Daily Summary
Twelve new QuasarRAT samples were identified, representing a stable trend with a 9% increase over the seven-day average of eleven. No new command-and-control (C2) infrastructure was registered today.
New Samples Detected
The sample set shows a continued preference for script-based initial access, with .hta (4) and .bat (3) files comprising the majority. This is complemented by three .exe files and one each of .zip and .dll, indicating a multi-format delivery strategy that blends scripts with compiled binaries.
Distribution Methods
The file types point to ongoing phishing campaigns delivering malicious archives (.zip) or links to .hta files (HTML Applications), which execute scripts to fetch the final payload. The presence of .bat files suggests follow-on actions or deployment via other scripts, aligning with known malicious document campaigns that leverage scripting for execution.
Detection Rate
Current vendor detection for these samples remains moderately high, particularly for the .exe and .dll variants. However, the .hta and .bat files, which often contain obfuscated script code, show a slightly lower detection rate, indicating these formats may offer a brief window for evasion before signatures are updated.
C2 Infrastructure
No new C2 servers were identified, suggesting actors are likely consolidating operations on existing, potentially resilient infrastructure.
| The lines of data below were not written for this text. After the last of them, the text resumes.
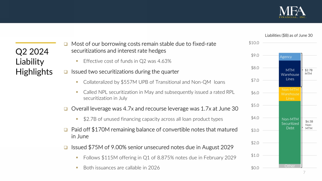 6 □ Acquired $864M of residential loans and securities, growing investment portfolio to $10.2B ▪ Lima One funded $422M 9 of new business purpose loans (BPLs) and draws on existing loans ▪ Purchased $266M of non - qualified mortgage (Non - QM) loans ▪ Added $176M of Agency MBS ▪ Sold $12M of single - family rental (SFR) loans, $27M of MSR - related securities and $26M of REO properties ▪ Portfolio runoff was $643M, up from $422M in Q1 □ High interest rates continue to provide opportunities to add new residential mortgage assets at attractive yields ▪ Average coupon on all loans acquired in Q2 was 9.6% ▪ Average coupon in Lima One origination pipeline exceeds 10% ▪ Incremental ROE for new investments expected to be mid - teens Q2 2024 Investment Activity Investment Portfolio at June 30 10 Non - QM Loans $4.0B Business Purpose Loans 11 $4.0B Legacy RPL/NPL $1.1B Other $0.4B Agency MBS $0.7B 0% 2% 4% 6% 8% 10% 2021 2022 2023 YTD 2024 Average Coupon on Loan Acquisitions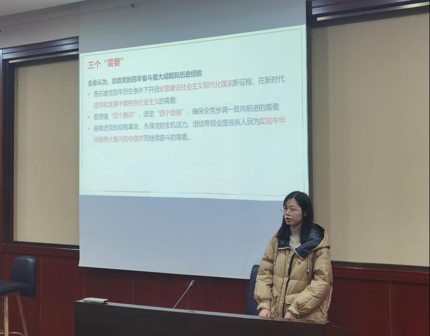 首先,罗晓、张芙榕、郑艳玲、金淑萍四位同志带领大家进行“党的十九届六中全会精神”专题学习。在学习分享中,首先讲到“三个需要”和“两个确立”的内涵,并阐述了党的百年奋斗的伟大历史意义和现实意义;接着,讲述了“十个坚持”、一个“根本问题”和“四个必须”;最后,罗晓同志热忱号召大家牢牢把握学习宣传的重要内容,切实从党的百年奋斗历程中汲取智慧和力量,把学习成果转化为强大学习和工作动力。
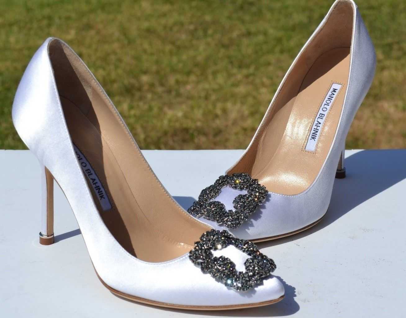 - Manolo Blahnik выпускают удобную обувь, украшенную брошками или другими дизайнерскими аксессуарами. Каблук не настолько высокий, как у предыдущего бренда, однако такой же тонкий и утонченный.

This could indicate a period of payload deployment and staging rather than infrastructure expansion.
7-Day Trend
Activity over the past week has been consistent, with daily sample counts hovering between nine and thirteen. This steady state suggests a persistent, low-volume operation rather than a large-scale surge.
Security Analysis
A notable shift is the equal weighting of .hta and executable files, moving slightly away from a pure reliance on executables. This may reflect an adaptation to environments where script execution controls are lax but application whitelisting is in place. The .dll sample suggests possible use of side-loading or other living-off-the-land techniques for persistence. Recommendation: Enhance monitoring for the execution of cscript/wscript and mshta.exe processes, particularly those spawned from temporary directories or email clients, to catch the script-based delivery chain before the RAT payload is retrieved.